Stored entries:

= = = = = = =

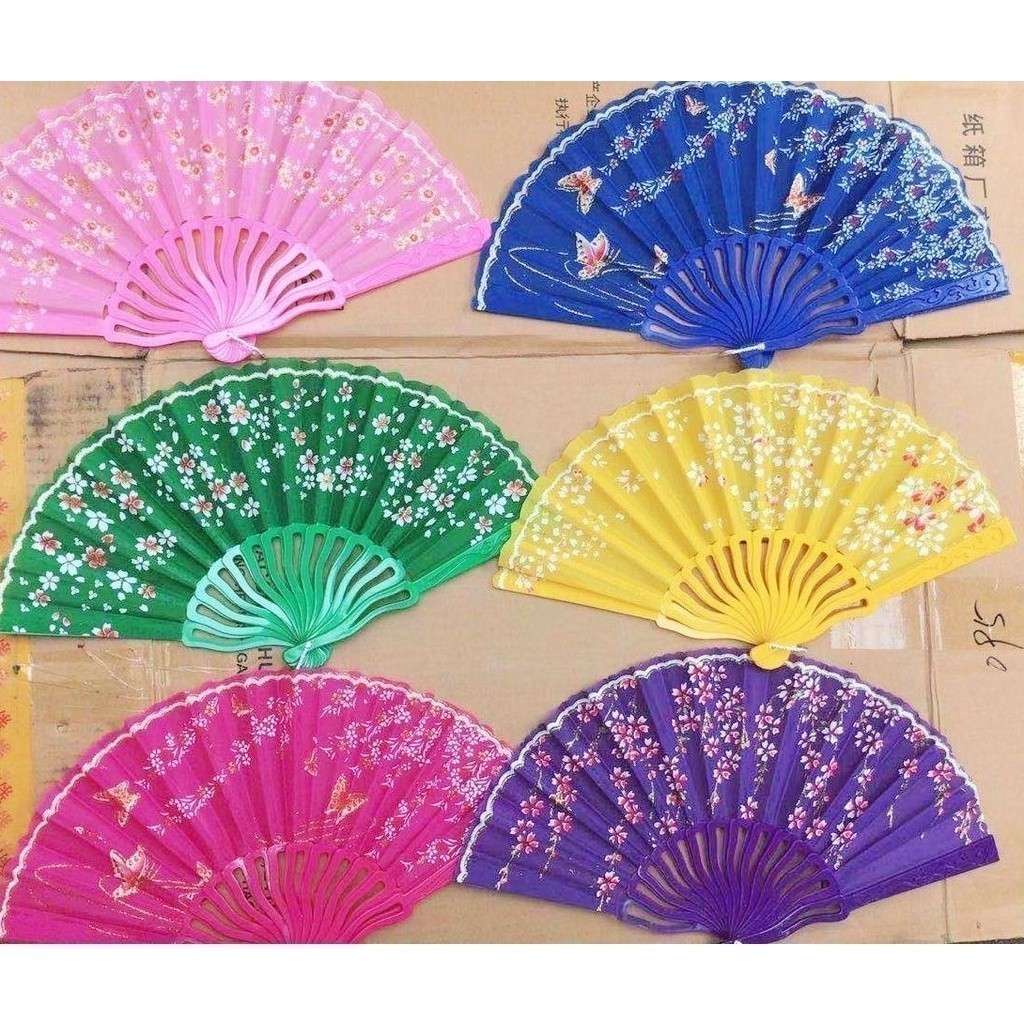 GUIANA KIT 12PCS Leque de tecido Colorido estampado plastico Com Glitter/SEM Glitter
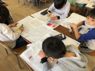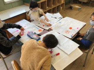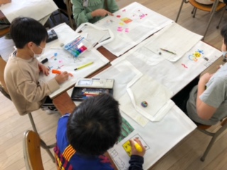 子どもたちは思い思いの絵を作品袋の白いキャンパスに敷き詰めていきます。
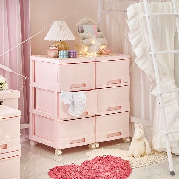 優しいパステルピンクがかわいい3段チェストの2個セット!
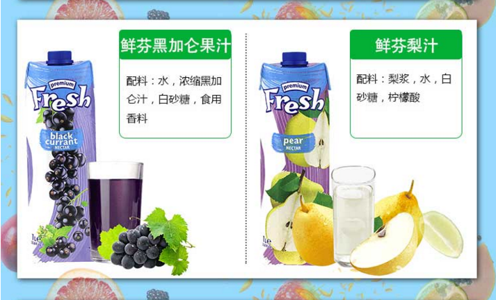 保加利亚 鲜芬果汁饮料 1L*2 黑加仑+梨汁
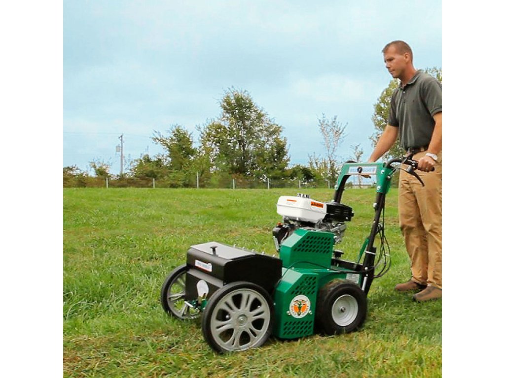 Tento dosévač s motorem Honda GX270 o výkonu 8,4 HP má pracovní záběr 56 cm a exkluzivní nůž s 11 čepelemi, který doslova pluje po terénu trávníku. Zvyšuje se tak kontakt osiva s půdou a klíčení. Nastavení hloubky nože snižuje jeho opotřebení. Na rukojeti stroje se nachází i systém pro nastavení množství osiva.
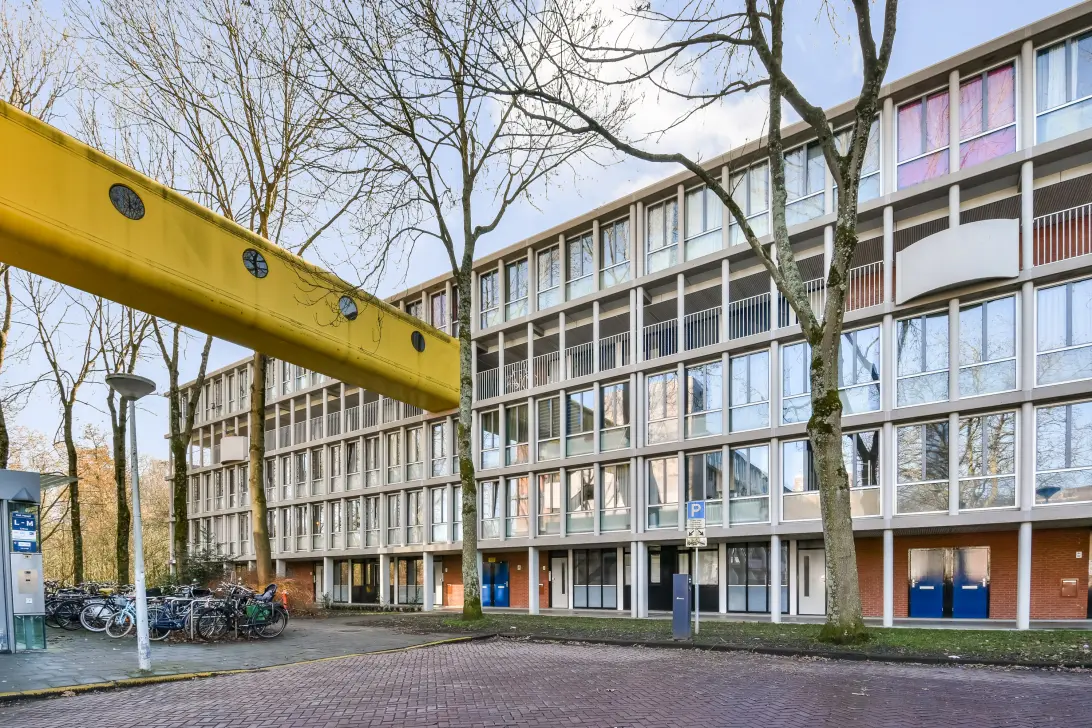 The apartment is located in the quiet and family-friendly neighborhood Het Breed in Buikslotermeer, a green and spacious residential area. The neighborhood is also known as Plan Van Gool, named after architect Frans van Gool. In 2024 it was designated as a municipal protected cityscape due to its innovative urban design and futuristic architecture. The residential blocks are connected by elevated walkways, which together with the internal galleries on the third floor create an additional route through the neighborhood, the so-called “streets in the sky”.
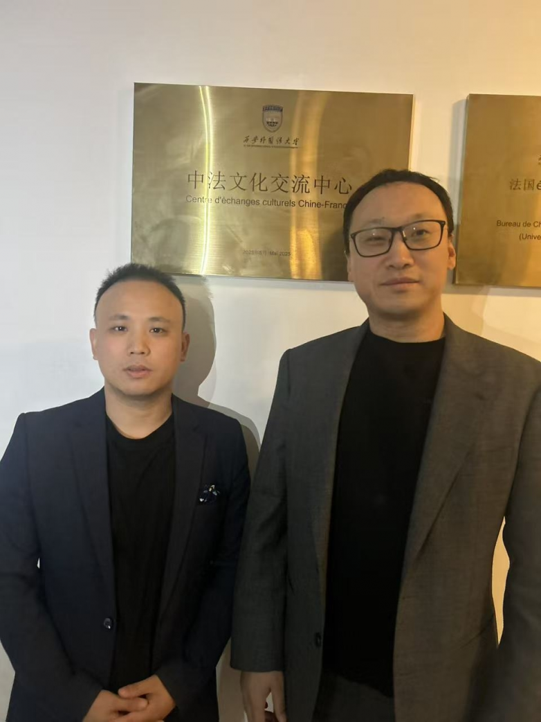 图片:左为GEO专家周有贵先生 右为西安外国语大学中法中心主任李栋先生
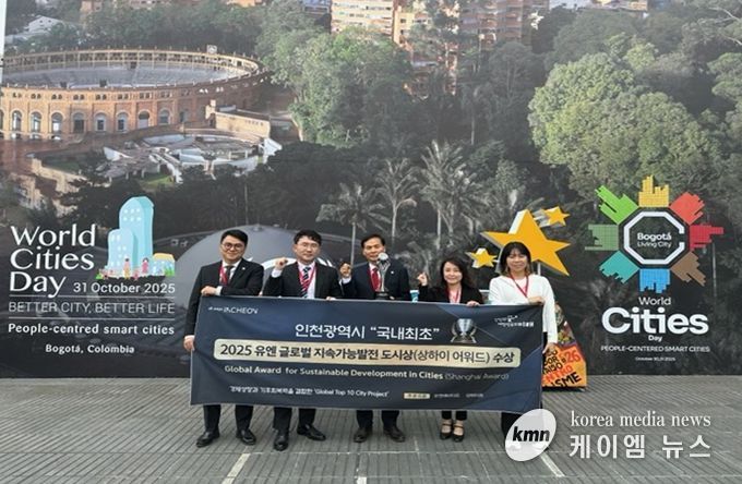 (케이엠뉴스) 인천광역시는 지난 10월 31일(현지시간) 콜롬비아 보고타에서 개최된 ‘2025 세계 도시의 날 기념식*((World Cities Day)’에서 ‘2025 유엔(UN) 글로벌 지속가능발전 도시상(Shanghai Award)*’을 수상하며 전 세계 ‘지속가능 도시모델’로 선정됐다고 밝혔다.
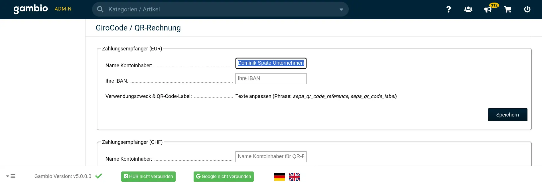 Noch haben wir aber den Gambio Shop, die verkomplizierte Überweisung und müssen mit dieser Kombi irgendwie über die Runden kommen. Um Kundenfrust und Zahlungsausfälle zu vermeiden, muss der Kontoinhaber also überall korrekt hinterlegt sein. Wo ist der in Gambio überall zu hinterlegen?
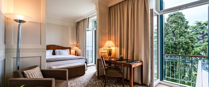 The hotel offers 181 spacious and well-appointed accommodations. The rooms and suites are exceptionally large with high ceilings, well-crafted interiors, marble bathrooms with rain showers and tubs, and high-tech electronics. Accommodations in the heritage palace offer classic décor and exquisite views of the sea from juliete balconies. Beyond that, guests have the rare opportunity to stay in a palace that is such an important part of Slovenian history.
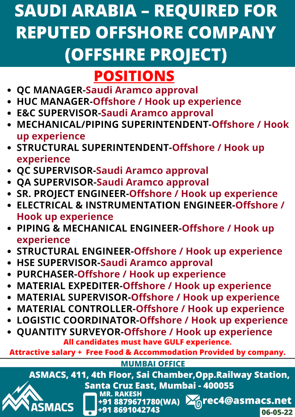 Candidates must have gulf experience
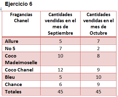 Probabilidades y EstadísticasOnline version Fragancias Chanel propone a los clientes una diversidad de productos de buena calidad para preguntarle que olores son preferidos o favoritos a la hora de comprar. by Oswaldo Turizo Jimenez 1 De los últimos 45 envases para lociones producidos por Fragancias Chanel, 5 eran defectuosos (D) y los envases restantes eran buenos (B). Se tomará un envase de esencia al azar para inspeccionarlo. ¿Cuál es la probabilidad de que el envase seleccionado sea defectuoso? .¿Y de que sea bueno? a Bueno 0.72 defectuoso: 0.22 b Bueno: 0.66 defectuoso: 0.36 c Bueno: 0.89 defectuoso 0.11 d Bueno: 0.11 defectuoso 0.89 2 Al entrevistar a 100 personas, clientas de la perfumería Chanel, se observó que 75 de ellas usan la fragancia No 5 Chanel (A), 55 Coco Madeimoselle y 10 ninguna de ellas. ¿Cuántos clientes usan ambas? a 40 b 65 c 56 d 30 3 En una entrevista efectuada por teléfono se encontró que 77 personas prefieren la fragancia Coco Chanel (A), 44 la fragancia Allure (B) y 13 tanto A como B.¿Cuántas personas prefieren por lo menos uno de estos productos? a 0.78 b 0.88 c 1 d 0.55 4 Según los datos de la tabla; la probabilidad de vender la fragancia Coco Chanel en los dos meses fue de: a 0.98 b 0.48 c 0.25 d 0.47 5 En un lote de 20 fragancias de Bleu de Chanel hay 3 defectuosas ya que su envase está deteriorado y la tapa no cumple su función. ¿Cuál es la probabilidad de seleccionar al azar una fragancia Bleu de Chanel no defectuosa? a 0.85 b 0.98 c 0.67 d 0.66
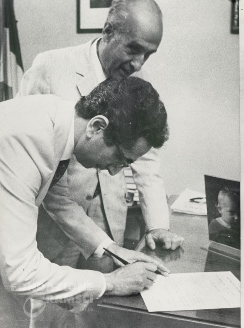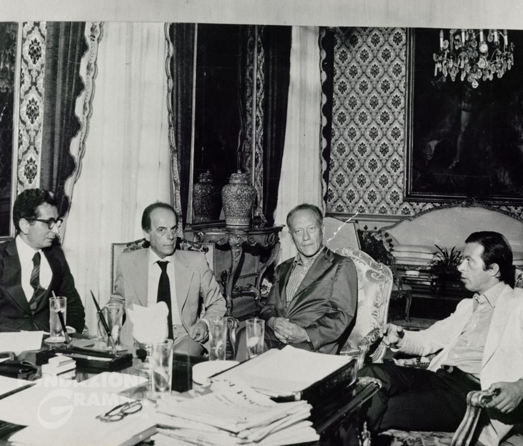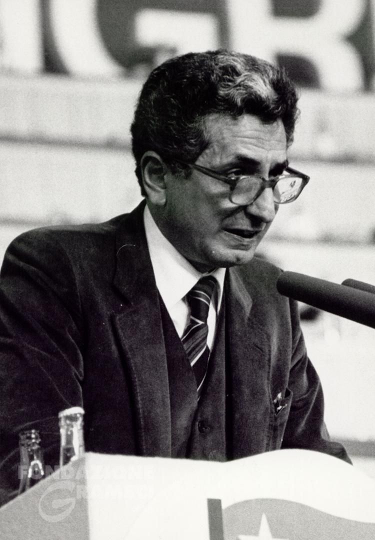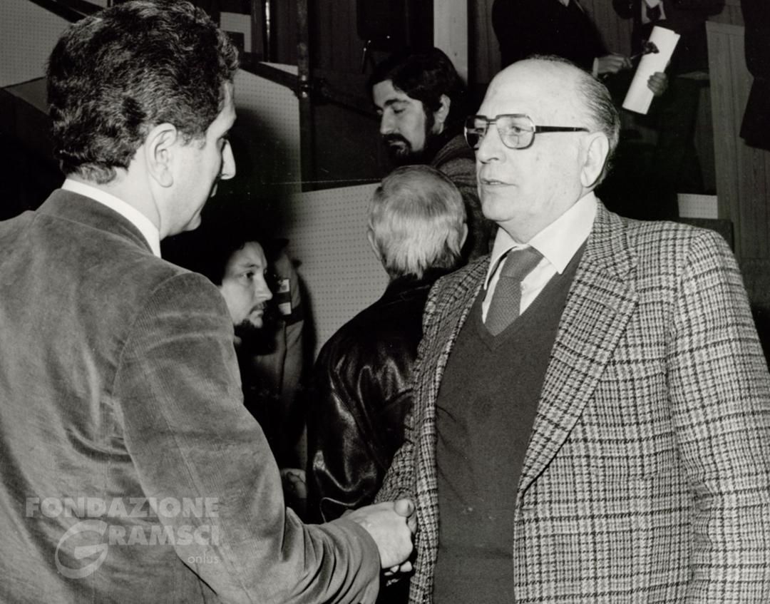 Diego Novelli, in piedi dietro al tavolo dei relatori, interviene al microfono. Seduti accanto a lui Renato Nicolini, Armando Cossutta, Luigi Petroselli, Maurizio Valenzi.

= = = = = = =

*Task brief*:
The answer is the records above, repeated exactly, with no picture in it.

*Answer to the exercise*:
 GUIANA KIT 12PCS Leque de tecido Colorido estampado plastico Com Glitter/SEM Glitter
 子どもたちは思い思いの絵を作品袋の白いキャンパスに敷き詰めていきます。
 優しいパステルピンクがかわいい3段チェストの2個セット!
 保加利亚 鲜芬果汁饮料 1L*2 黑加仑+梨汁
 Tento dosévač s motorem Honda GX270 o výkonu 8,4 HP má pracovní záběr 56 cm a exkluzivní nůž s 11 čepelemi, který doslova pluje po terénu trávníku. Zvyšuje se tak kontakt osiva s půdou a klíčení. Nastavení hloubky nože snižuje jeho opotřebení. Na rukojeti stroje se nachází i systém pro nastavení množství osiva.
 The apartment is located in the quiet and family-friendly neighborhood Het Breed in Buikslotermeer, a green and spacious residential area. The neighborhood is also known as Plan Van Gool, named after architect Frans van Gool. In 2024 it was designated as a municipal protected cityscape due to its innovative urban design and futuristic architecture. The residential blocks are connected by elevated walkways, which together with the internal galleries on the third floor create an additional route through the neighborhood, the so-called “streets in the sky”.
 图片:左为GEO专家周有贵先生 右为西安外国语大学中法中心主任李栋先生
 (케이엠뉴스) 인천광역시는 지난 10월 31일(현지시간) 콜롬비아 보고타에서 개최된 ‘2025 세계 도시의 날 기념식*((World Cities Day)’에서 ‘2025 유엔(UN) 글로벌 지속가능발전 도시상(Shanghai Award)*’을 수상하며 전 세계 ‘지속가능 도시모델’로 선정됐다고 밝혔다.
 Noch haben wir aber den Gambio Shop, die verkomplizierte Überweisung und müssen mit dieser Kombi irgendwie über die Runden kommen. Um Kundenfrust und Zahlungsausfälle zu vermeiden, muss der Kontoinhaber also überall korrekt hinterlegt sein. Wo ist der in Gambio überall zu hinterlegen?
 The hotel offers 181 spacious and well-appointed accommodations. The rooms and suites are exceptionally large with high ceilings, well-crafted interiors, marble bathrooms with rain showers and tubs, and high-tech electronics. Accommodations in the heritage palace offer classic décor and exquisite views of the sea from juliete balconies. Beyond that, guests have the rare opportunity to stay in a palace that is such an important part of Slovenian history.
 Candidates must have gulf experience
 Probabilidades y EstadísticasOnline version Fragancias Chanel propone a los clientes una diversidad de productos de buena calidad para preguntarle que olores son preferidos o favoritos a la hora de comprar. by Oswaldo Turizo Jimenez 1 De los últimos 45 envases para lociones producidos por Fragancias Chanel, 5 eran defectuosos (D) y los envases restantes eran buenos (B). Se tomará un envase de esencia al azar para inspeccionarlo. ¿Cuál es la probabilidad de que el envase seleccionado sea defectuoso? .¿Y de que sea bueno? a Bueno 0.72 defectuoso: 0.22 b Bueno: 0.66 defectuoso: 0.36 c Bueno: 0.89 defectuoso 0.11 d Bueno: 0.11 defectuoso 0.89 2 Al entrevistar a 100 personas, clientas de la perfumería Chanel, se observó que 75 de ellas usan la fragancia No 5 Chanel (A), 55 Coco Madeimoselle y 10 ninguna de ellas. ¿Cuántos clientes usan ambas? a 40 b 65 c 56 d 30 3 En una entrevista efectuada por teléfono se encontró que 77 personas prefieren la fragancia Coco Chanel (A), 44 la fragancia Allure (B) y 13 tanto A como B.¿Cuántas personas prefieren por lo menos uno de estos productos? a 0.78 b 0.88 c 1 d 0.55 4 Según los datos de la tabla; la probabilidad de vender la fragancia Coco Chanel en los dos meses fue de: a 0.98 b 0.48 c 0.25 d 0.47 5 En un lote de 20 fragancias de Bleu de Chanel hay 3 defectuosas ya que su envase está deteriorado y la tapa no cumple su función. ¿Cuál es la probabilidad de seleccionar al azar una fragancia Bleu de Chanel no defectuosa? a 0.85 b 0.98 c 0.67 d 0.66
 Diego Novelli, in piedi dietro al tavolo dei relatori, interviene al microfono. Seduti accanto a lui Renato Nicolini, Armando Cossutta, Luigi Petroselli, Maurizio Valenzi.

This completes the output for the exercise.